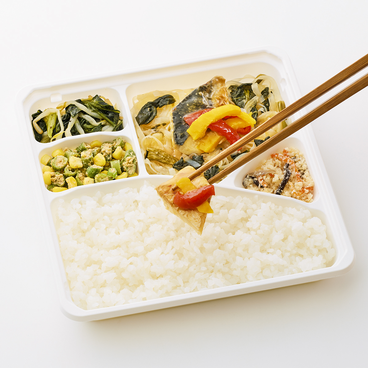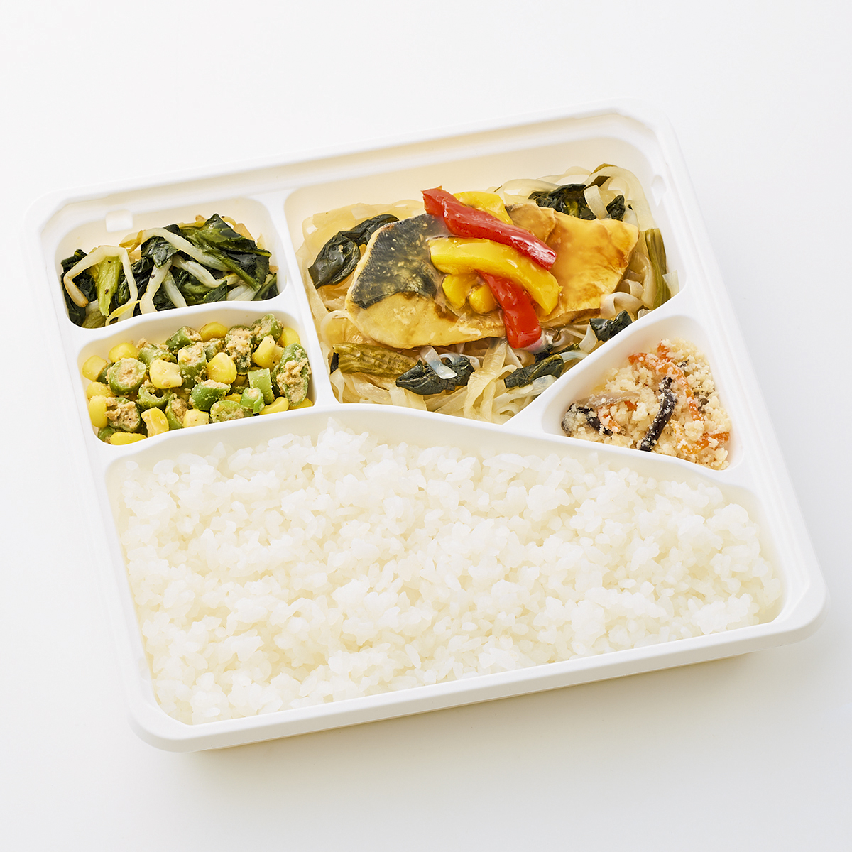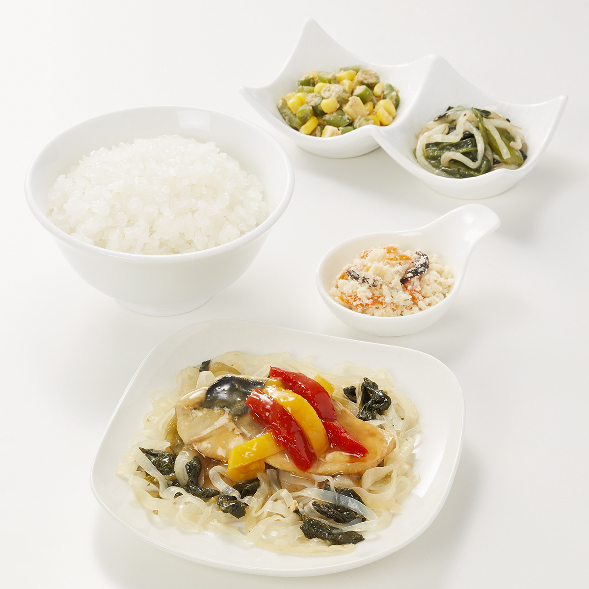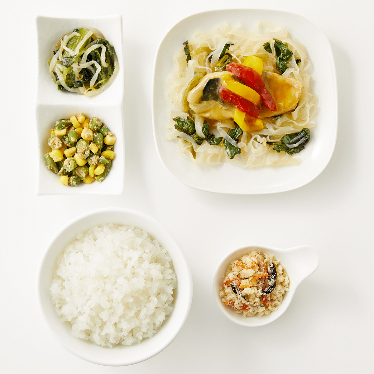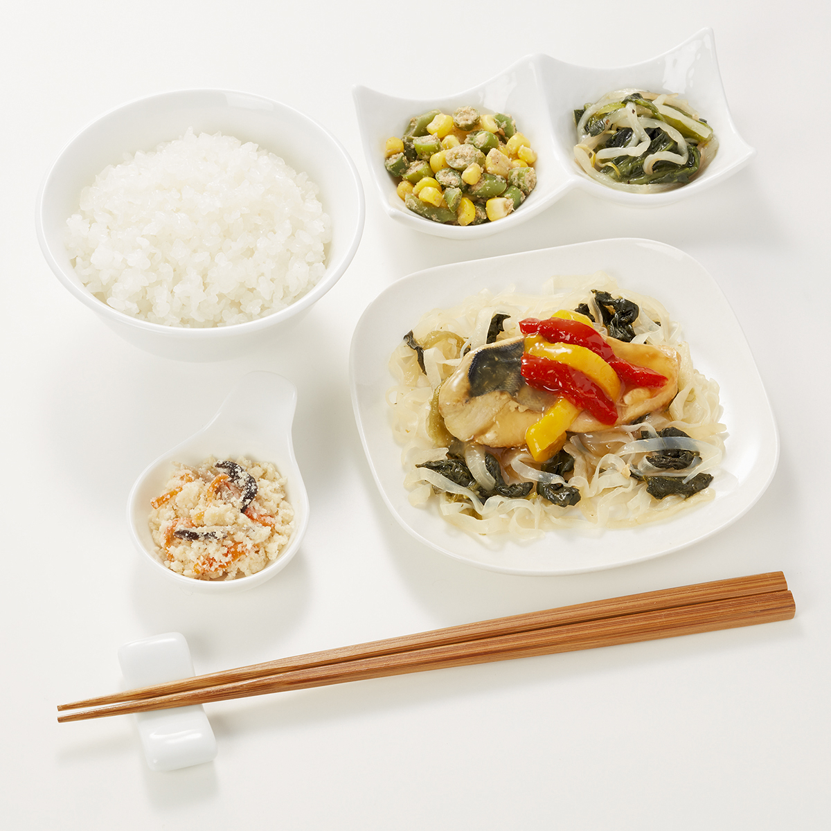 | 原材料名 | 加工米、さば、緑豆もやし、玉ねぎ、チンゲン菜、植物油、卯の花(おから、なたね油、人参、ねぎ、その他)、ほうれん草、コーン、いんげん、黄ピーマン、赤ピーマン、春雨、醤油、みりん、穀物酢、ごま、清酒風調味料、おろししょうが、食塩、砂糖、白だし、かつお節調味料、黒こしょう/安定剤(グァー分解物)、加工デンプン、ソルビット、調味料(アミノ酸等)、酸味料、酒精、酸化防止剤(V.C)、pH調整剤、甘味料(カンゾウ)、(一部に小麦・ごま・さば・大豆を含む) | ||
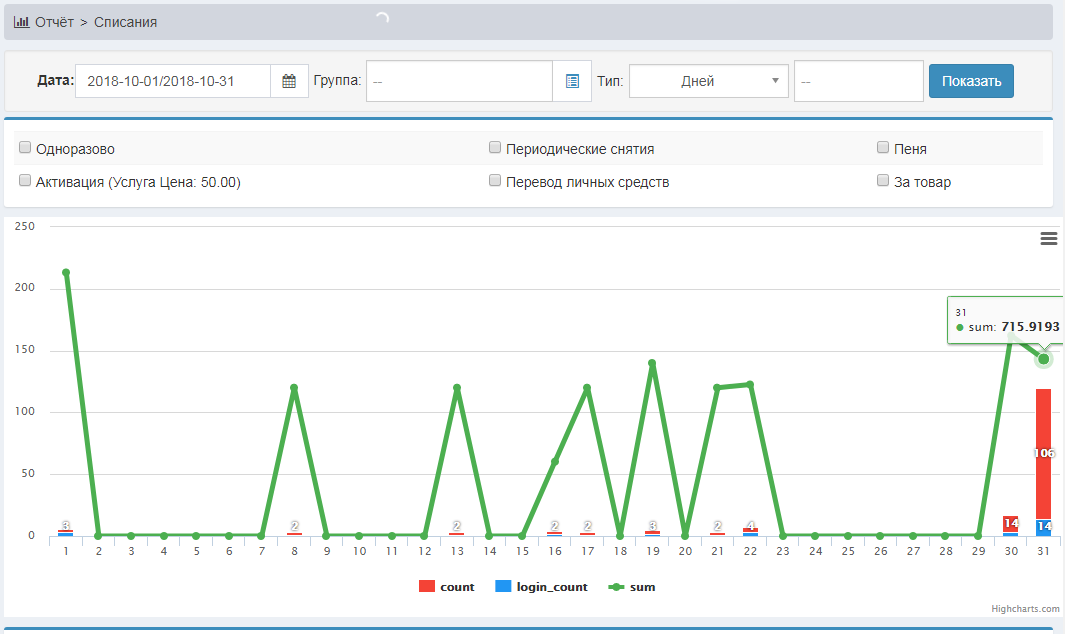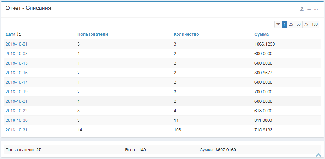 Отчёт о списании средств формируется через меню Отчёт>Списания.
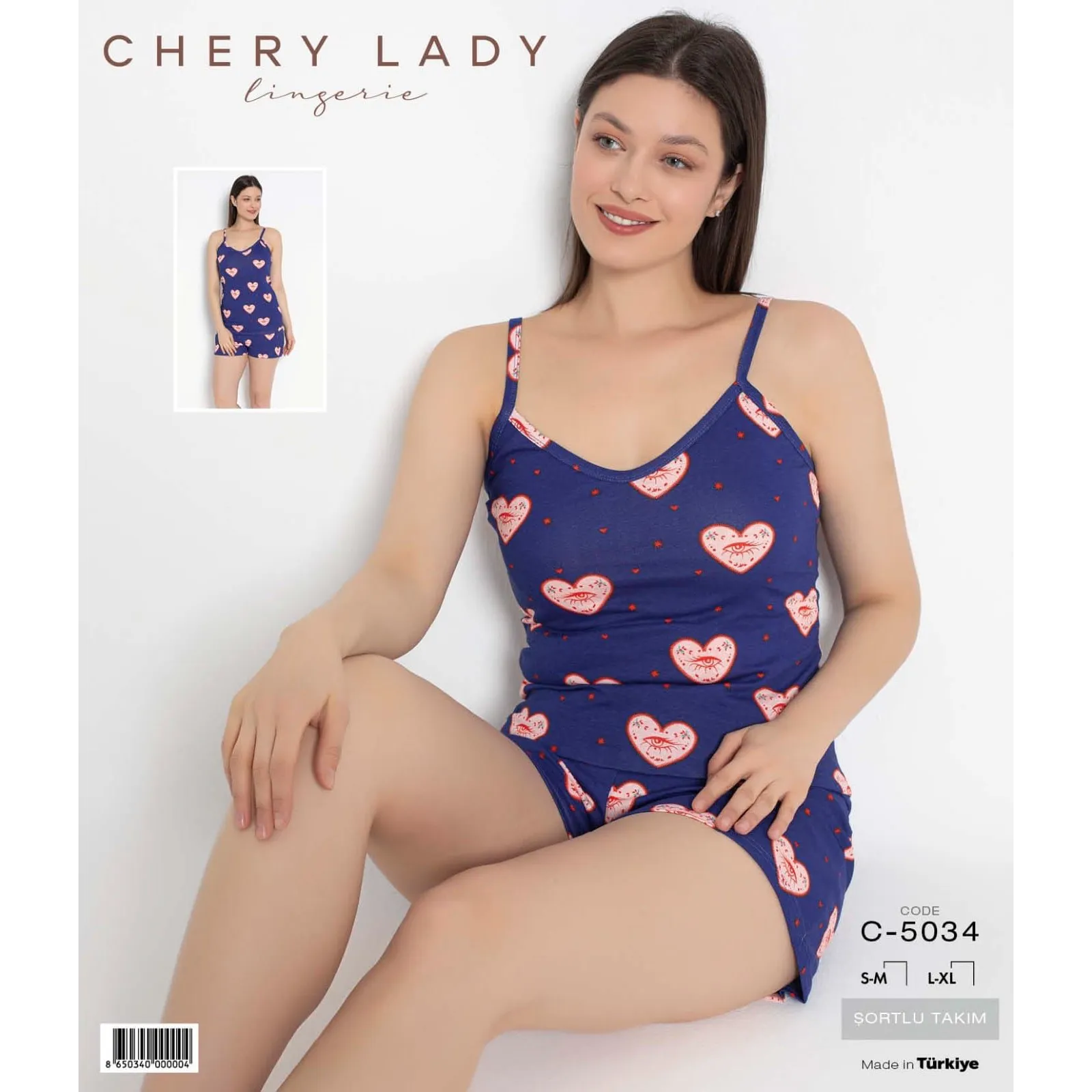 Pijama de damă din bumbac, ideală pentru sezonul cald, care îți oferă confort și un look jucăuș. Setul include un maiou cu bretele reglabile și un short cu talie elastică, ambele decorate cu un design vesel cu inimoare. Fabricată din bumbac de înaltă calitate, pijama este moale, ușor de purtat și permite pielii să respire, asigurând un somn odihnitor. Disponibilă într-o gamă variată de mărimi, este perfectă pentru momentele de relaxare acasă sau pentru un cadou inspirat

● ● ● ● ● ● ●

### WHAT IS REQUIRED
Reproduce the data above line for line, from its first line through the line containing "Отчёт о списании", both ends included, with the pictures omitted and nothing more.

### OUTPUT OF THE EXERCISE
 | 原材料名 | 加工米、さば、緑豆もやし、玉ねぎ、チンゲン菜、植物油、卯の花(おから、なたね油、人参、ねぎ、その他)、ほうれん草、コーン、いんげん、黄ピーマン、赤ピーマン、春雨、醤油、みりん、穀物酢、ごま、清酒風調味料、おろししょうが、食塩、砂糖、白だし、かつお節調味料、黒こしょう/安定剤(グァー分解物)、加工デンプン、ソルビット、調味料(アミノ酸等)、酸味料、酒精、酸化防止剤(V.C)、pH調整剤、甘味料(カンゾウ)、(一部に小麦・ごま・さば・大豆を含む) | ||
 Отчёт о списании средств формируется через меню Отчёт>Списания.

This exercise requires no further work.